- _EXCERPTED DATA_:
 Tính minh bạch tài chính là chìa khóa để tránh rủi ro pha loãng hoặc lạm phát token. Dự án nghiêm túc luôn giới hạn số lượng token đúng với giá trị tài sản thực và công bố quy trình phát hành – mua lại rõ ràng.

* * *

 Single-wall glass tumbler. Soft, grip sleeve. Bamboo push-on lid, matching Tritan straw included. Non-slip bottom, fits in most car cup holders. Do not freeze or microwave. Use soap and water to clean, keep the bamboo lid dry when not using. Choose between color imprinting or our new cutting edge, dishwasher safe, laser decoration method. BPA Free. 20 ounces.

* * *

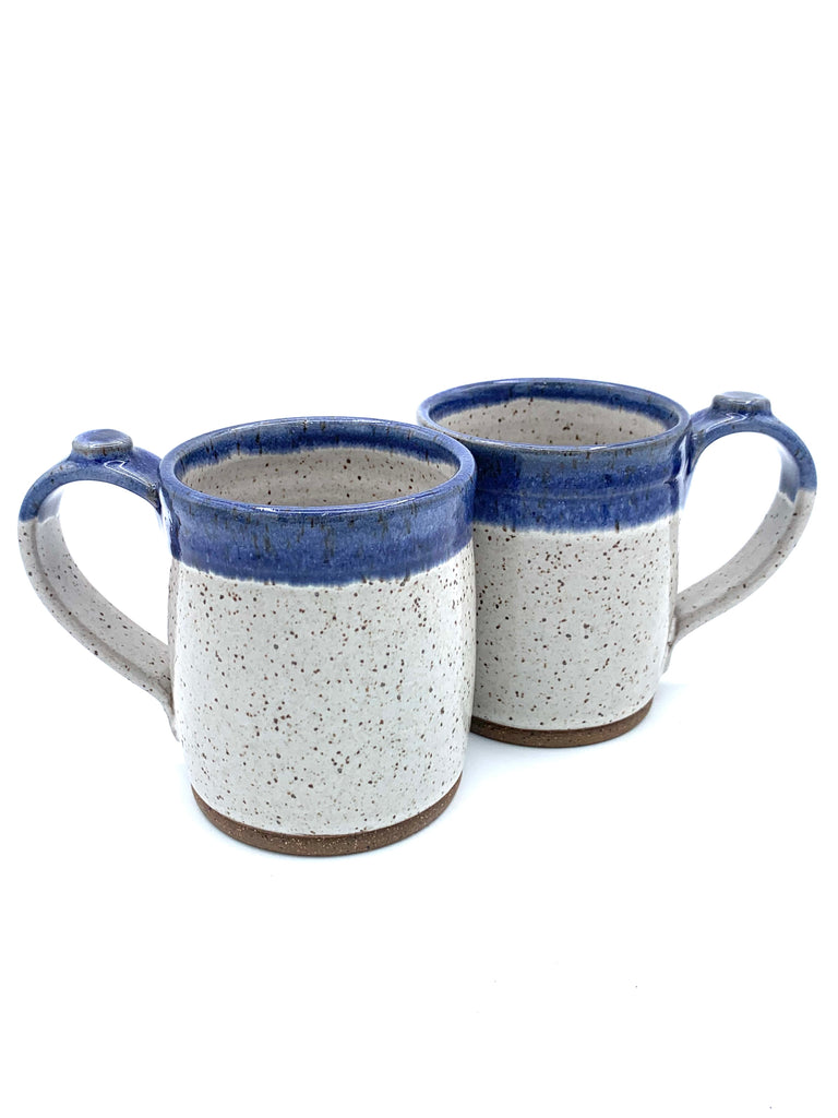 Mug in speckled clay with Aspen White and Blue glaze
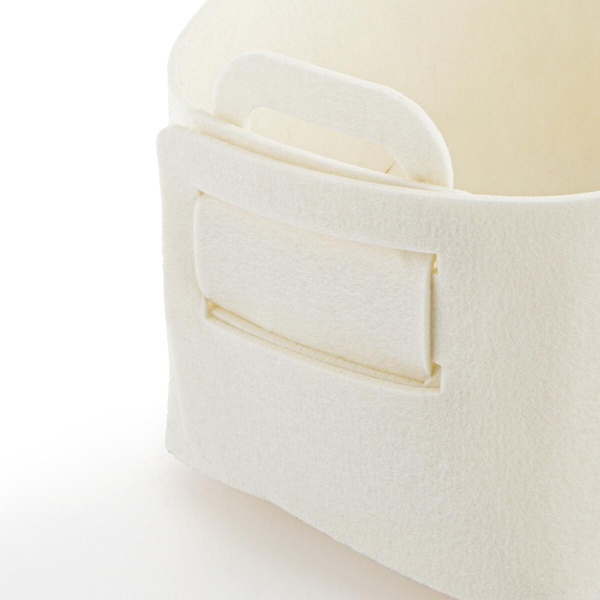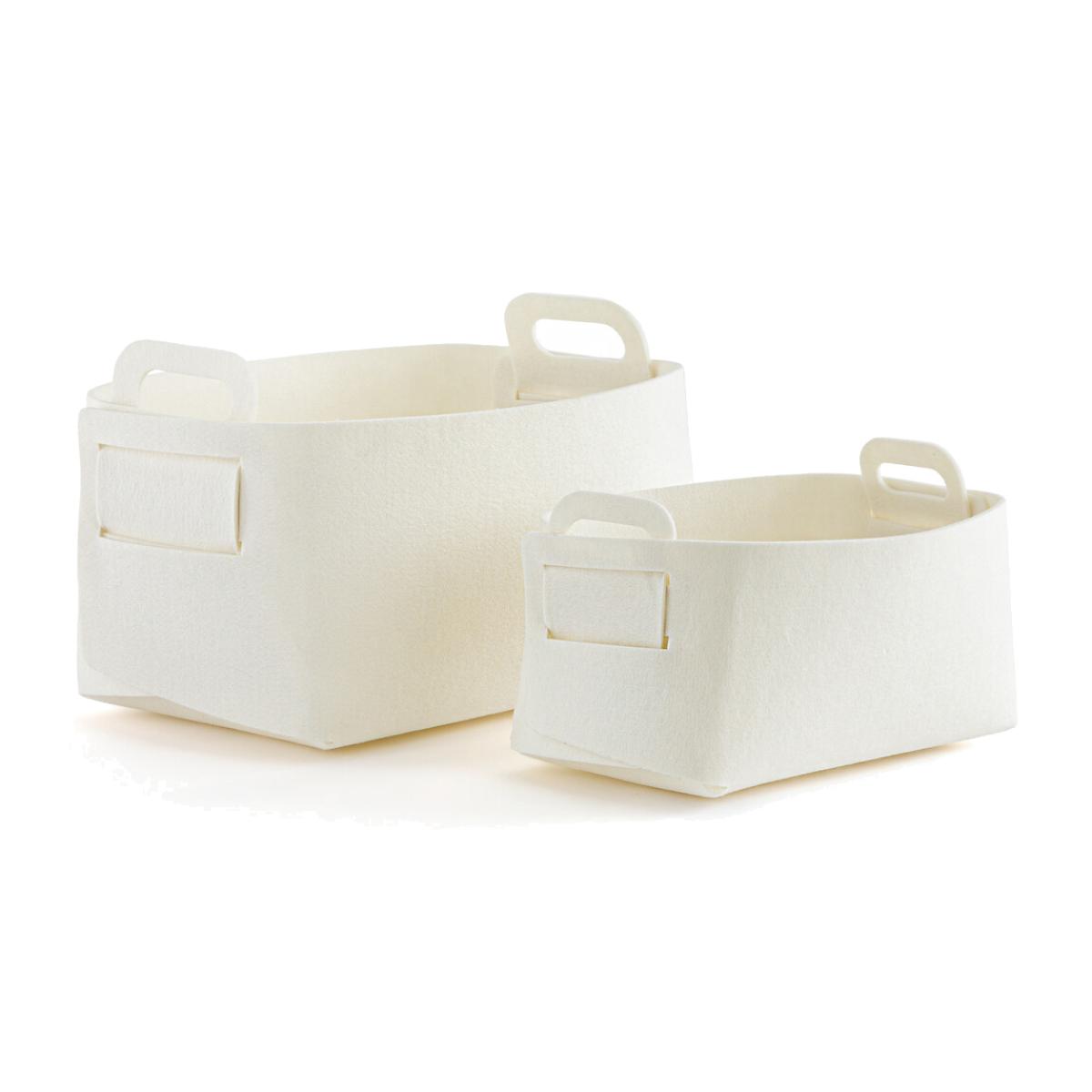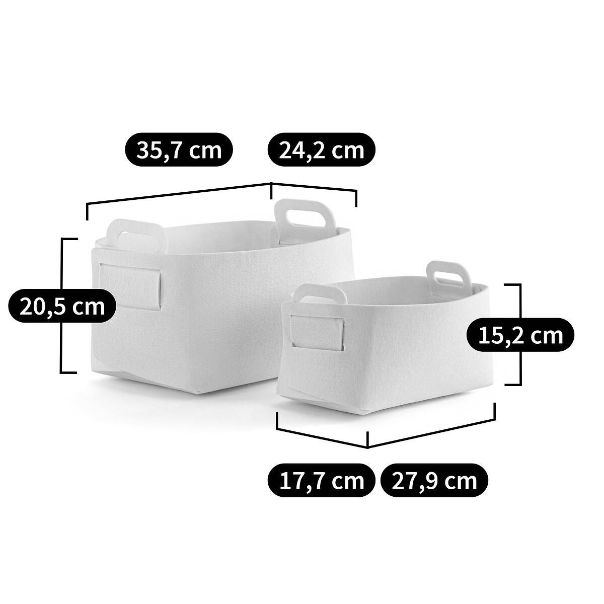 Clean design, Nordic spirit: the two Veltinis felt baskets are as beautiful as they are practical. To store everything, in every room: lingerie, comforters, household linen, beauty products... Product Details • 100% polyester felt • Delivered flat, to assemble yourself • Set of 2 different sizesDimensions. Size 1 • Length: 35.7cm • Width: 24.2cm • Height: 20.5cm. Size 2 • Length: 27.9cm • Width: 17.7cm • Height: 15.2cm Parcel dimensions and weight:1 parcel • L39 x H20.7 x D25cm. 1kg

- _GOAL OF THE EXERCISE_:
Would you give again, exactly, the lines in the data above that run from the line containing "Mug in speckled" to the line containing "Clean design, Nordic"? Include both ends and no pictures.

- _SOLUTION TO THE EXERCISE_:
 Mug in speckled clay with Aspen White and Blue glaze
 Clean design, Nordic spirit: the two Veltinis felt baskets are as beautiful as they are practical. To store everything, in every room: lingerie, comforters, household linen, beauty products... Product Details • 100% polyester felt • Delivered flat, to assemble yourself • Set of 2 different sizesDimensions. Size 1 • Length: 35.7cm • Width: 24.2cm • Height: 20.5cm. Size 2 • Length: 27.9cm • Width: 17.7cm • Height: 15.2cm Parcel dimensions and weight:1 parcel • L39 x H20.7 x D25cm. 1kg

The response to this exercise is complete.